• WHAT IS BEING ASKED: Transcribe the whole listing below. Pictures do not go in the copy.

• DATA PROVIDED:
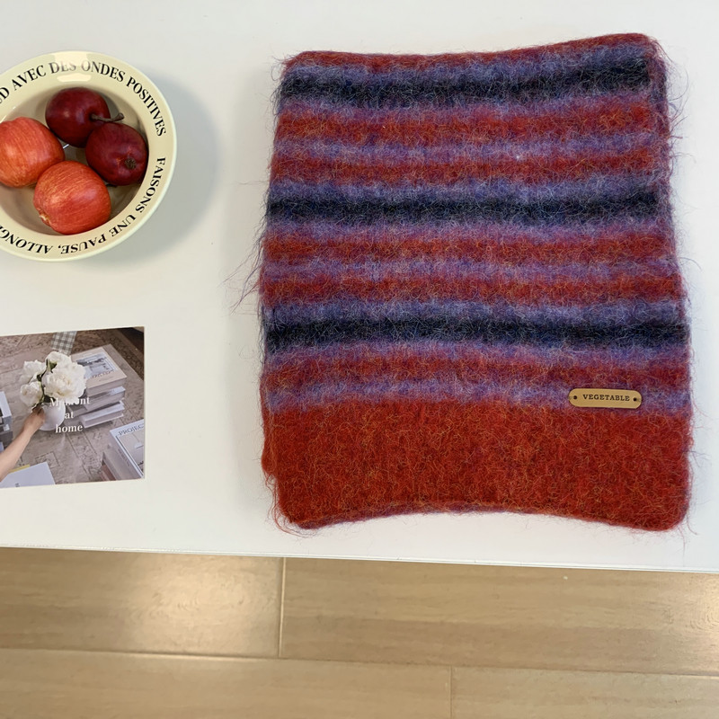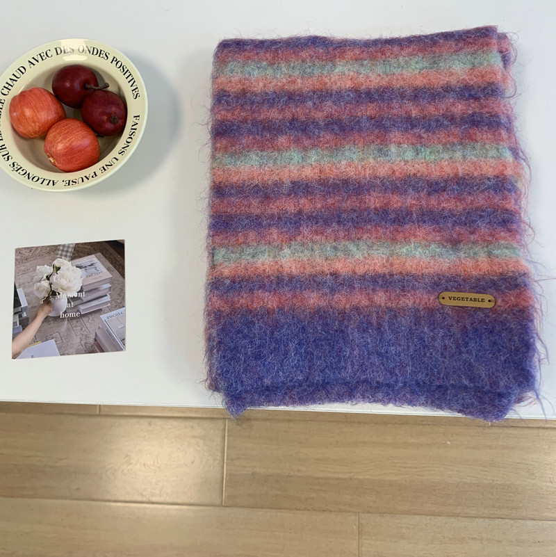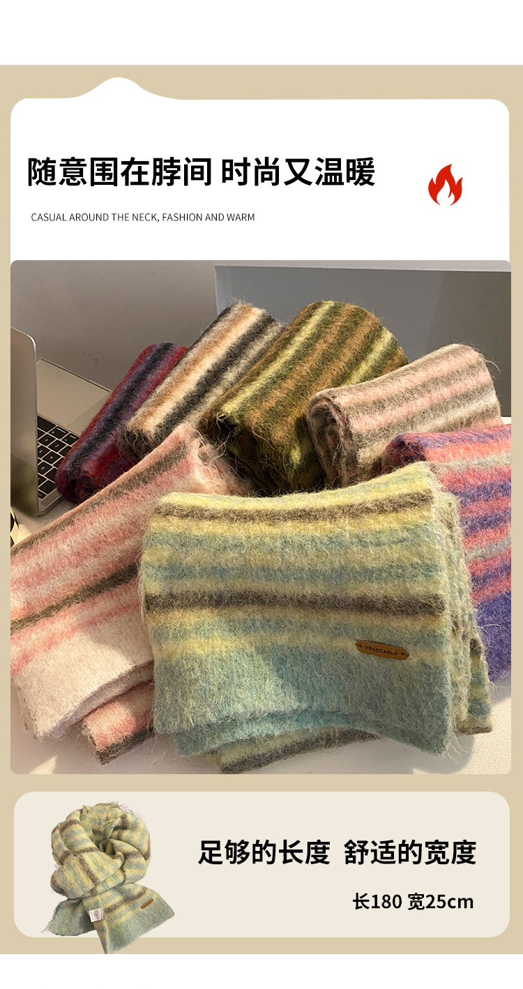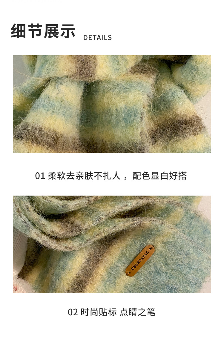 녹색 줄무늬 스카프 여성의 가을과 겨울 한국 스타일 분위기 따뜻한 따뜻한 목도리 2024 새로운 스타일스토어 가기
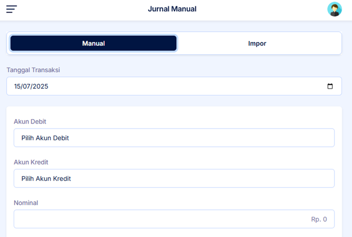 2. Setelah klik menu Jurnal Manual. Anda bisa menginput transaksi Jurnal Manual. Anda wajib isi Tanggal transaksi, Pilih Akun Debit, Pilih Akun Kredit, Nominal.
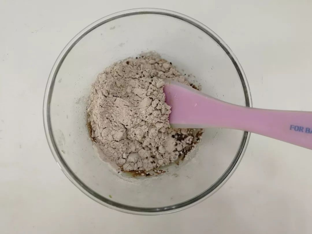 加入可可粉及面粉搅拌成团。

• SOLUTION TO THE PROBLEM:
 녹색 줄무늬 스카프 여성의 가을과 겨울 한국 스타일 분위기 따뜻한 따뜻한 목도리 2024 새로운 스타일스토어 가기
 2. Setelah klik menu Jurnal Manual. Anda bisa menginput transaksi Jurnal Manual. Anda wajib isi Tanggal transaksi, Pilih Akun Debit, Pilih Akun Kredit, Nominal.
 加入可可粉及面粉搅拌成团。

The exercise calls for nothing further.